First, lets give a short story about the problem which will follow:
I was at school here in Greece. We have school 5 days of the week. 2 random days we have 7 hours of lessons and the rest 6 hours of lessons. I wanted to return home, when possible, with one of my friends. However, we are not in the same class, so he has a different schedule. By taking all cases, I noticed that there will be at least 1 day of the week in which we will have the same hours of lessons, so we can return together.
I then thought of a more general statement:
If we arrange $n$ in number $A$ letters and $n - 1$ in number $B$ letters with $2$ ways, then there exists at least one same letter in the same place, if we assume that the first term for every arrangement has place 1.
I though about it myself and could not figure out a rigorous proof. Lastly, I posted it on a discord server dedicated to Olympiad Math and got this response:
"well... after we're done with the first way to arrange it a second way we could essentially swap the B's with (n-1) A's, thus leaving 1 A at the same place so I would guess this is true."

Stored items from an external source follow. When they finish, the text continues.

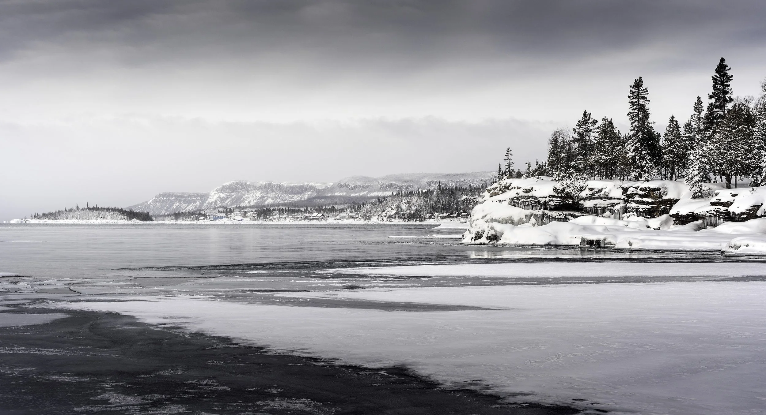 A cave I stumbled upon while hiking the frozen lake shore of Lake Superior off Fort William First Nations a few years ago. I had an opportunity to revisit that beautiful shoreline again recently, and of course I wanted to see what the cave looked like this winter. A beautiful thing about winter is that the same landscape might look very different season after season. Anyway, a feature of the cave I missed last time was this window which is blocked by icicles. This photograph presented several technical challenges from the standpoint of the extreme dynamic range and the need to do focus stacking. I had to take close to 20 photos at different exposures and focal points and then combine them all to get everything lit right and in focus.
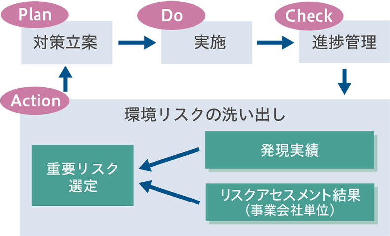 環境リスクの洗い出しとマネジメント推進を図るために、事業会社単位で対象とする環境リスクを毎年度選定し、そこからさらにグループ全社レベルの環境リスクを選定しています。その中でも特に発生頻度が高いまたは経営への影響が大きいリスクを重要リスクとして特定し、重点的にリスク低減対策を立案・実践しています。重要リスク単位でリスク低減取り組みを進めますが、その進捗は四半期ごとに確認・フォローしながらPDCAサイクルを回します。
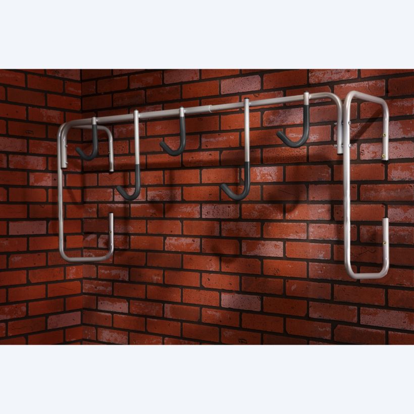 - Optimise l'espace avec un rangement mural pour 5 vélos.
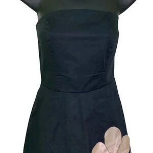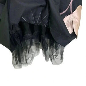 Elegant and feminine black fit and flare strapless dress with large pale pink flowers. The structured bodice provides a flattering fit, while the layered tulle underskirt adds volume and style. This dress is perfect for cocktail parties, special occasions, or evening events.
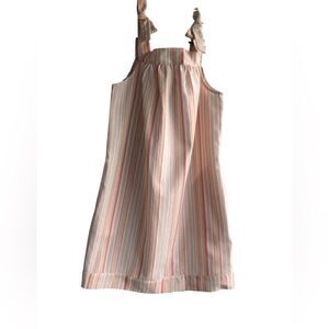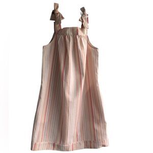 This girls “pillow case dress” is simple yet so adorable for the summer. Striped in colors of beige/tan, mauve, orange, and white, tying bows at shoulders.
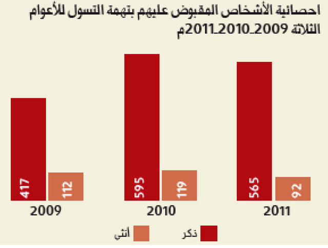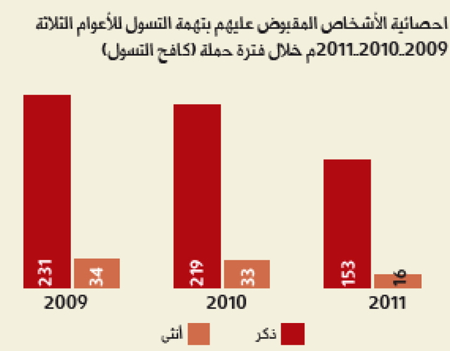 ضبطت القيادة العامة لشرطة دبي، 264 متسولا خلال الستة شهور الاولى بواقع 201 ذكر و63 إناثا، وضبط 1900 متسول من عام 2009 وحتى 2011، فيما اعدت 60 دورية لمراقبتهم خلال شهر رمضان على مدار الساعة.
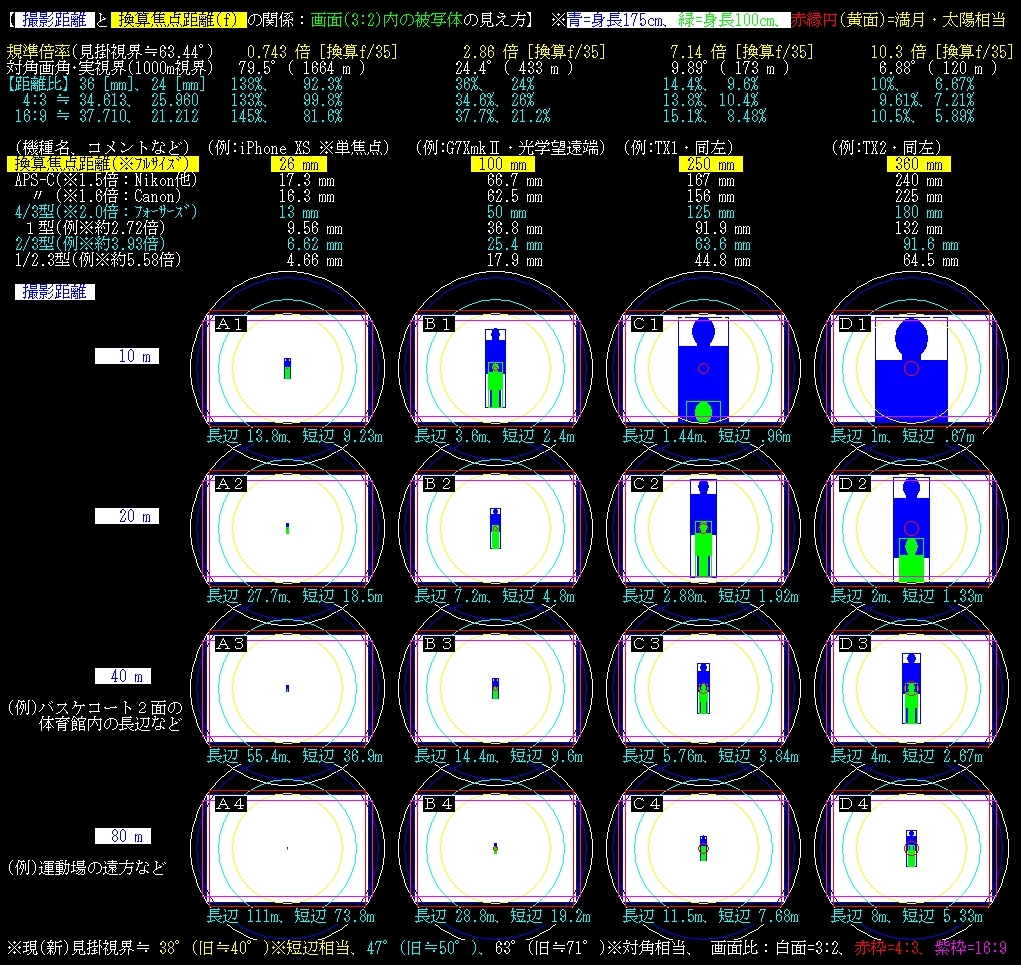 撮影距離10~80m、換算f=26mm、100~360mm
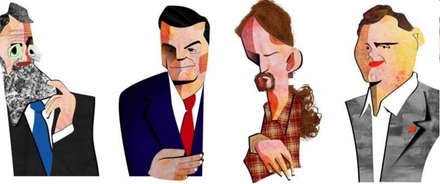 Illustration af parti-lederne Rajoy, Sánchez, Iglesias og Rivera
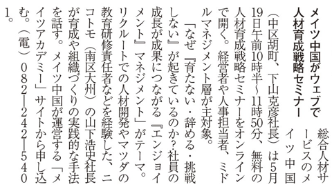 2026年3月12日号の広島経済レポートに、2026年5月19日(火)開催の経営者・人事担当者向け『人材育成戦略セミナー:なぜ「育たない・辞める・挑戦しない」が起きているのか?~社員の成長が成果につながる「エンジョイメント」マネジメント~』(無料・オンライン)が紹介されました。
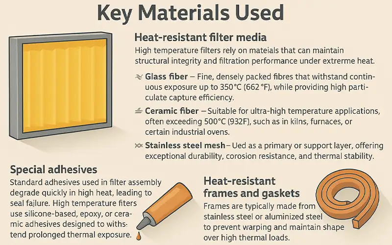 I filtri ad alta temperatura utilizzano materiali che mantengono struttura e prestazioni sotto calore estremo. I mezzi comuni includono:
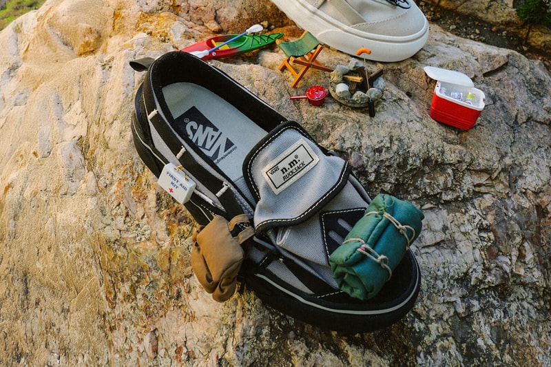 Vans and designer Nicole McLaughlin have reunited for a second collaboration, taking the upcycling expert's utilitarian sensibilities to new heights. Adding additional tactical components and building upon the Slip-On RS with matching accessories, McLaughlin offers an unconventional yet functional take on the shoe brand's classic silhouette.Mirroring the design language of traditional trekking backpacks, the design is centered on a roomy cargo pouch over the toe box and adjustable nylon straps. The playful campaign highlights the miniaturized details of the design with additional tiny objects, including a miniature version of McLaughlin's studio and an array of hiking gear.On her latest Vans creation, McLaughlin said “Creating pieces that can be multi-purpose, but also fun has always been my goal. I was inspired by vintage hiking packs from the ‘70s and the aesthetic of outdoor gear from that era for the collection,” in an official statement.Beyond aesthetic inspiration, the Slip-On RS lives up to its hiking-inspired sensibilities with uppers comprised of 40% recycled canvas treated with water-resistant PFC-free DWR and a lugged tread pattern on the outsoles guaranteeing multi-surface traction. The pair is offered in a monochromatic natural canvas colorway and a duo-tone charcoal colorway with black trims and details. Each model showcases vintage co-branded details including a Vans N.M. Rucksack patch above the storage pouch and wordmarks printed on the insoles. Extending the functional aspects into the accessories, the collection also offers ankle socks with patch pockets and a utilitarian Rucksack that doubles as a climbing chalk bag.Known for her resourceful approach to repurposing garments and whimsical design details, McLaughlin's new Slip-On RS builds upon the designer's growing roster of shoe collaborations. McLaughlin first collaborated with Vans on a comparatively pared-back Slip-On VP VR3 LX in 2023 and has since released collaborative shoes with Merrell, HOKA, and more recently, PUMA. The designer has also produced many DIY one-offs including a jacket made of PUMA goalkeeper gloves and a stool made with discarded JanSport packs.The latest Vans x Nicole McLaughlin collection will be released on Nicole McLaughlin's web store on Wednesday, February 26. On February 27, the collection will arrive on the Vans web store and select locations.Click here to view full gallery at Hypebeast
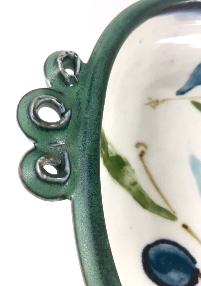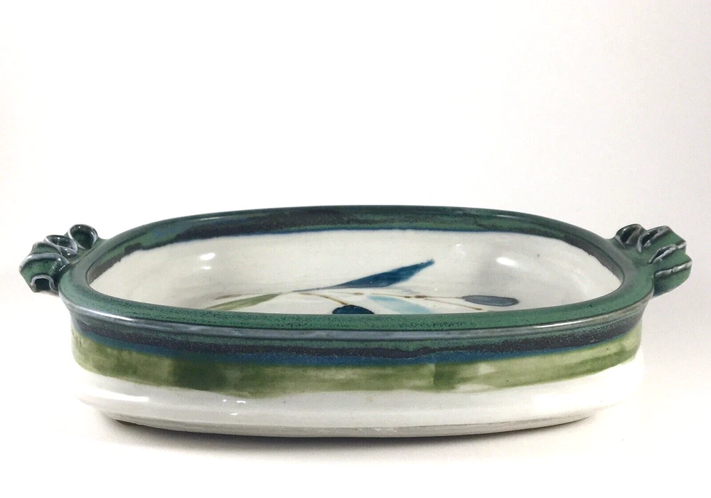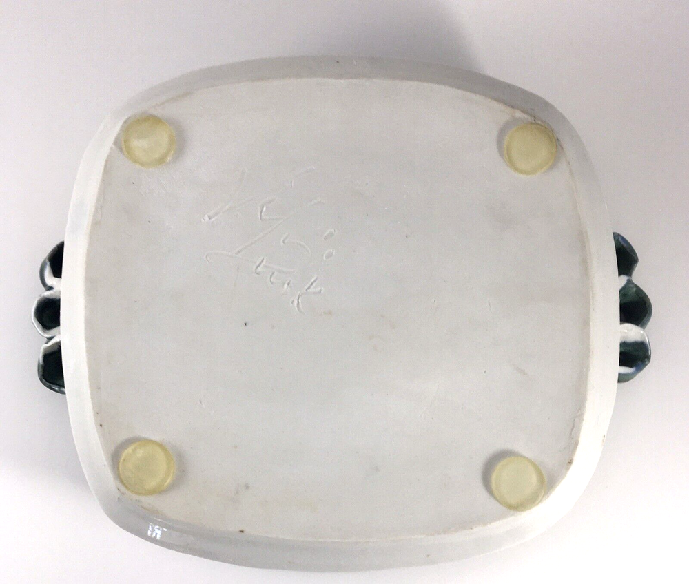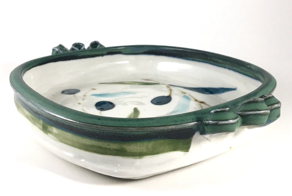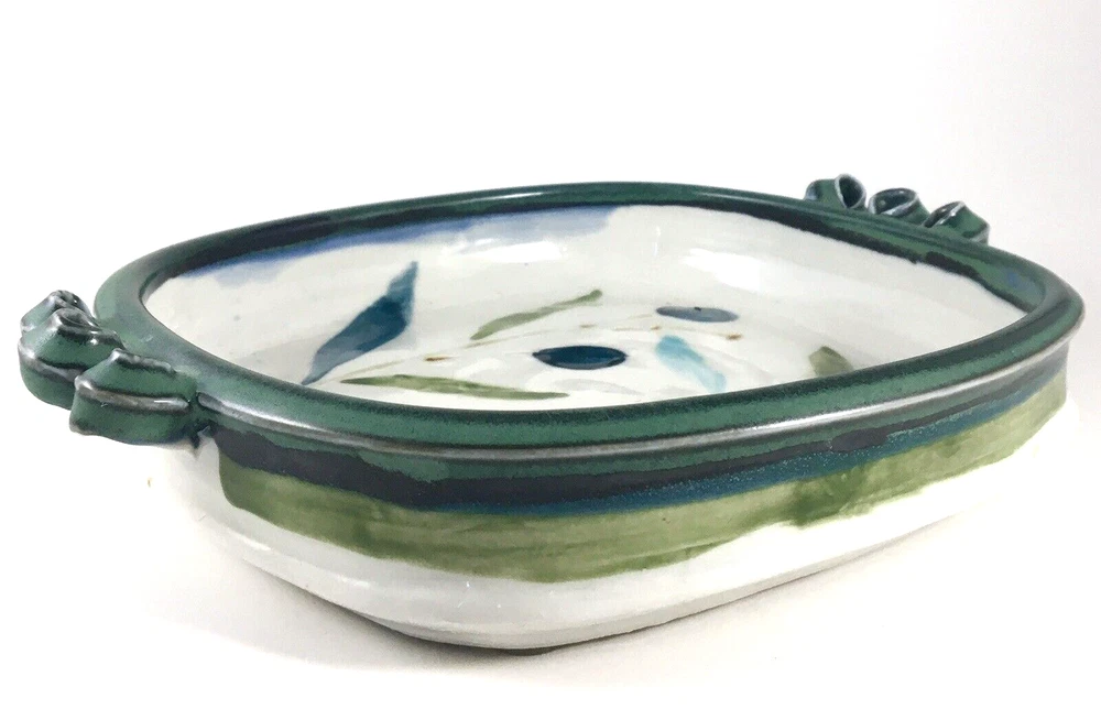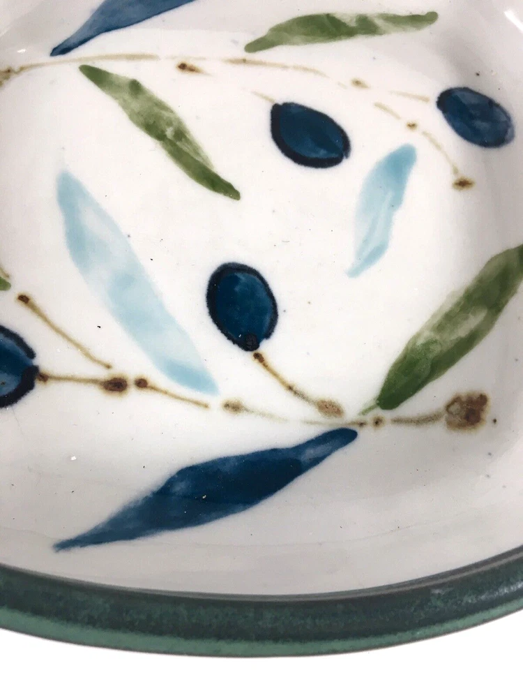 Studio Pottery 8" Square Casserole, Baking or Serving Dish, Olive Branch Pattern, 32oz, Signed, Mystery Artist This 8" square, handmade, studio pottery serving, casserole or baking dish has a beautiful blue and green olive branch design, 2 intricate, curled handles and 4 acrylic pads on the bottom. May be best used as a serving dish due to the pads on the bottom as the pads may not be ovenproof. Pad removal or oven use will be left to the winner's discretion. Incised on the unglazed bottom is what looks like "VY" or Vlick." Can't confirm. Unknown mystery artist. Date and o rigin unknown. Possibly vintage from Southwest, USA Probably hand formed slab pottery, porcelain or white clay. No signs of being wheel turned. Square shape with rounded corners; flared at rim and base; has 2 intricate handles; slightly concave base. Glossy, white glaze inside and out; colorful dark teal blue olives on brown branches with green and blue leaves in center; the outside edge is a glossy green; the rim and both handles are a matte green with black accents; the bottom is unglazed. The design is slightly incised and tactile, so the inside surface is not completely flat. Holds 32 ounces or 4 cups to the brim. Measures about 8" square and 1 3/4" high, is 2" high at the handles, and 10" wide handle to handle. Weighs 2 pound, 3 ounces before packaging. Very good condition with no chips, cracks, crazing or surface wear to note. Appears unused. Condition: See specifics above. Most of our items are estate finds and are in good to excellent used condition. Vintage, pre-owned items will not usually be in mint condition, but may show signs of age, use, or wear from being pre-owned and loved for many years. We try to describe any and all condition issues but may miss some. A defect not noted does not constitute an item "not as described." No Returns: Winner accepts item description/condition as stated, that all sales are final, and that items are sold "as found" and "as is," with no returns. Please note, we do our best to qualify, research, describe, and photograph all aspects of our listings, but we are not experts in this field. Be sure to check photos carefully and ask any questions before bidding to assure your satisfaction with the item/s. Shipping: Buyer pays actual USPS Priority shipping costs as per eBay's shipping calculator on the auction page. Priority includes free insurance and tracking. No handling fees. Shipping will be higher the further you are from our NV zip 89005. Fragile items are always extra-carefully packaged for shipping. Recycled shipping materials are often used as a way to help protect our environment. Payment: Your registered eBay address must match, or be updated to, your preferred shipping address. Buy-it-Now purchases require immediate payment. eBay may charge sales tax depending on your state's laws. For beautiful studio pottery, dinnerware, art glass, collectibles and more, be sure to see our eBay store, Pottery Prints and Porcelain. Thank you for looking!

Although I understand what is being said, I do not understand how this is enough to prove the original statement. So, if you happen to have a rigorous proof or some clever ideas, please share!
On your original example, between you there are four $7$-hour days, so they can occur at most on four different days of the $5$-day week, so at least $5-4=1$ day must have both of you having $6$-hour days.
In your generalised form in the two arrangements of $2n-1$ letters ($n$ copies of A and $n-1$ of B) you can say the same thing: between the two arrangements, the Bs can appear in at most $2(n-1)$ different positions, so at least $(2n-1)-2(n-1)=1$ position must have As in both arrangements.
A pigeonhole argument would say there are $2n$ As across the two arrangements to put in $2n-1$ positions so at least one position has 2 As. This is essentially the same argument.